Now as this ancestor ape thrashed her with his brutal fists, a shrill cry escaped her bloody lips.
“SEMERJEAN!”
A nine-foot portal opened on the second floor balcony. A speeding figure burst through the surface and knocked Mercy unconscious. It continued down the stairs in a blurry streak, yanking Rebel off Esis and slamming him against a wall. Two heavy-framed paintings crashed to the ground.
Now Amanda could see this new man clearly. He stood as large and bald as Rebel, with powerful arms and a broadly muscled back. His entire body was glossy white, like a marble statue of a naked Greek god. It took two squinting glances for Amanda to see that he was covered in tempis.
Ivy stared at the screen in slack horror. “Oh Jesus, Richard. Come on. Break free.”
Rebel may as well have been crucified for all the force that pinned him. When he tried to kick his aggressor, the man grew a second pair of arms from his hips. They held Rebel’s thighs to the wall.
Gemma shook her trembling head. “God. What is that? Is it even human?”
Only Rebel was in a position to glimpse the man behind the tempis. Through the small round eyeholes, he could see pale skin and sandy brown eyebrows. His fierce blue eyes brimmed with savage fury, like a panther in mid-roar.
Rebel hocked a spiteful gob at his attacker. “Fuck you, coward.
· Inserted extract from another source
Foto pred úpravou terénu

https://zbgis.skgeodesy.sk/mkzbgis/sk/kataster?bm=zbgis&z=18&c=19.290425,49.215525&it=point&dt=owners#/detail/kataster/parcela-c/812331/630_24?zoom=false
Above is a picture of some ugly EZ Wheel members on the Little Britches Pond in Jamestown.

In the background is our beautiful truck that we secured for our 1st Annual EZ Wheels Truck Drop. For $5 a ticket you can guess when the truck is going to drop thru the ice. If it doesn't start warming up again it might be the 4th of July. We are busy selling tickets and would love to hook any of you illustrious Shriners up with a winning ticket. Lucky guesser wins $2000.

A real man shows his face when he kills someone.”
Semerjean’s eyes laughed with a shrewd and vicious mockery that Rebel found even more frightening than his rage. Clearly this creature wasn’t just a thug on the family payroll. He was a Pelletier through and through.
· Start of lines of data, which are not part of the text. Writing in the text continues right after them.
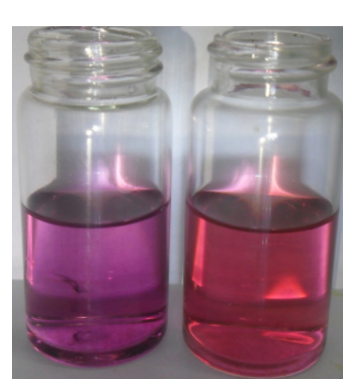
Figure 3. Cationic halochromism of dye 2 in acetone when increasing amounts of NaI are added to a 3-mL solution of the dye. From left to right: 1 mg ( \lambda_{max} 537 nm) and 8 mg ( \lambda_{max} 514 nm) of NaI added
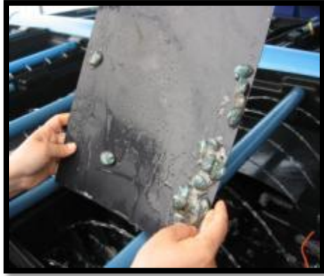
Figure 12: Abalone recirculation system
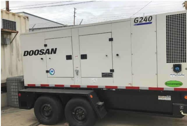
200 kW generator owned by the City of Long Beach, one of twenty-three such generators purchased collectively by the Cities of Long Beach and Los Angeles with FEMA funds.

The LAC EMS Agency is vital in supporting hospitals with health and medical resources (i.e., personnel, pharmaceuticals, supplies, and equipment) during disasters when these resources are in short supply at facilities. For example, during the COVID-19 pandemic, the LAC EMS Agency coordinated the receipt and distribution of millions of pieces of PPE to hospitals. Generators are not traditionally considered a health and medical resource. However, since the LAC EMS Agency has the coordination responsibility for medical and health response, and is the only health agency that owns FEMA generators, it will play the lead role in helping hospitals and sub-acute SNFs access temporary government generators during an outage.
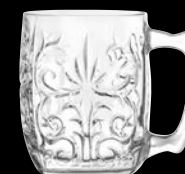
Moscow Mule Mug 676RCR381 43.0cl (14 7 / 5 oz) h 111mm ø max 84mm
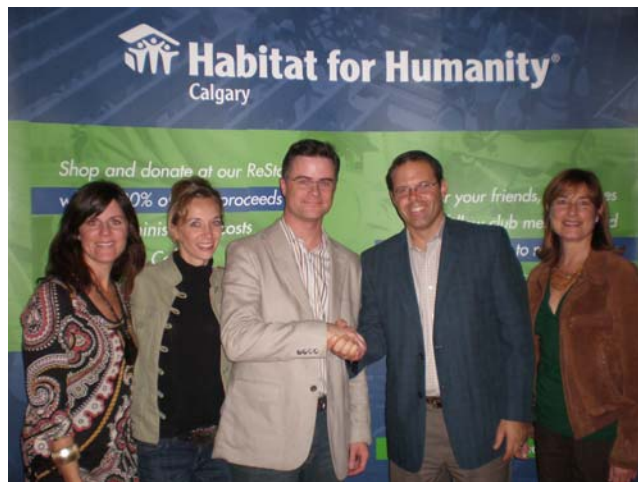
Emco Calgary and silent auction
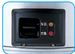
Automatic keep-warm function
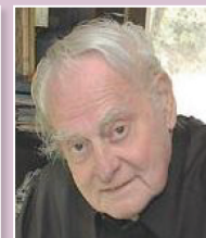
Eldon Dedini ♥

Ivy cried out when the tempic man grew a third pair of arms from his rib cage. They struck at Rebel with relentless fury, cracking his jaw, breaking his teeth. Once Rebel’s face matched the bloody wretchedness of Esis, Semerjean melted away his extra limbs. He leaned in toward Rebel and hissed a gritty whisper.
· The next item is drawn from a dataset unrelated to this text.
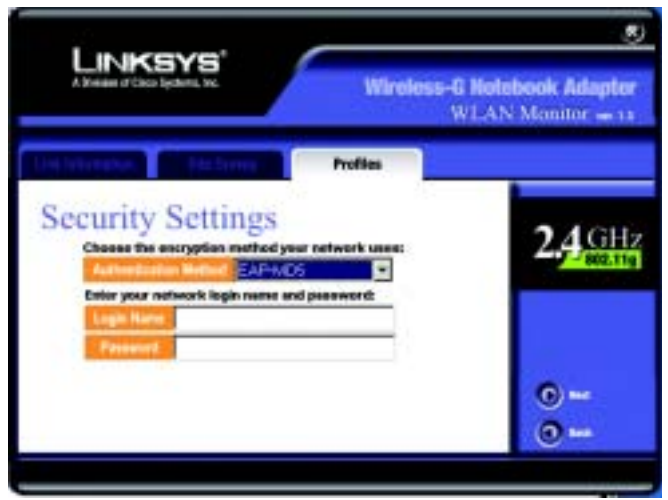
Figure 6-28: EAP-MD5 Authentication

Click the Next button to continue. Click the Back button to return to the previous screen.

“You’ll know when I’m killing you, boy. You’ll see my true face then.”
Rebel moaned in pain as Semerjean traced a finger along each cheek, rifting the skin just enough to scar him. He let his victim collapse to the floor, then gently scooped his wife into his arms.
Amanda watched in bleary-eyed anguish as Semerjean carried Esis through a new portal. The gateway shrank to a close behind them.
All was once again quiet in the lobby as the living fell as still as the dead. In the remote command room, three Gotham women stared numbly at the monitors. Gemma shuddered in her seat while she received new intel from the future.
“It’s safe to get Rebel and Mercy,” she told Ivy. “But you have to do it fast.”
“Why? Are those monsters coming back?”
“No.”
Gemma adjusted the camera displays to show a view of the street. A trio of ash-gray vans came to a halt in front of the building, with several more approaching.
The Deps had arrived in full force.
—
Howard Hairston parked his rental coupe at Bowling Green Park, a block away from the action. The freckly young redhead was the only member of Melissa’s team to follow her here. Everyone else had been called back to Los Angeles by the regional director, who sought to sever his office from this quagmire of a case. Until Integrity seized the reins, as everyone assumed they would, the six otherworldly fugitives were officially New York’s problem.
The moment Howard reached the siege site, he saw that New York was ready for them.
Seventeen government vehicles flanked the building—armored trucks, reviver vans, mobile thermal scanners. A trio of NYPD aerocruisers circled the roof like buzzards.
Howard scanned the crowd for Melissa, to no avail. He moved in on Rosie Herrera, a small and sturdy woman whose masculine features were only slightly countered by her salmon-pink ensemble. She paced the barricaded entry, commanding her men like Napoleon at Austerlitz.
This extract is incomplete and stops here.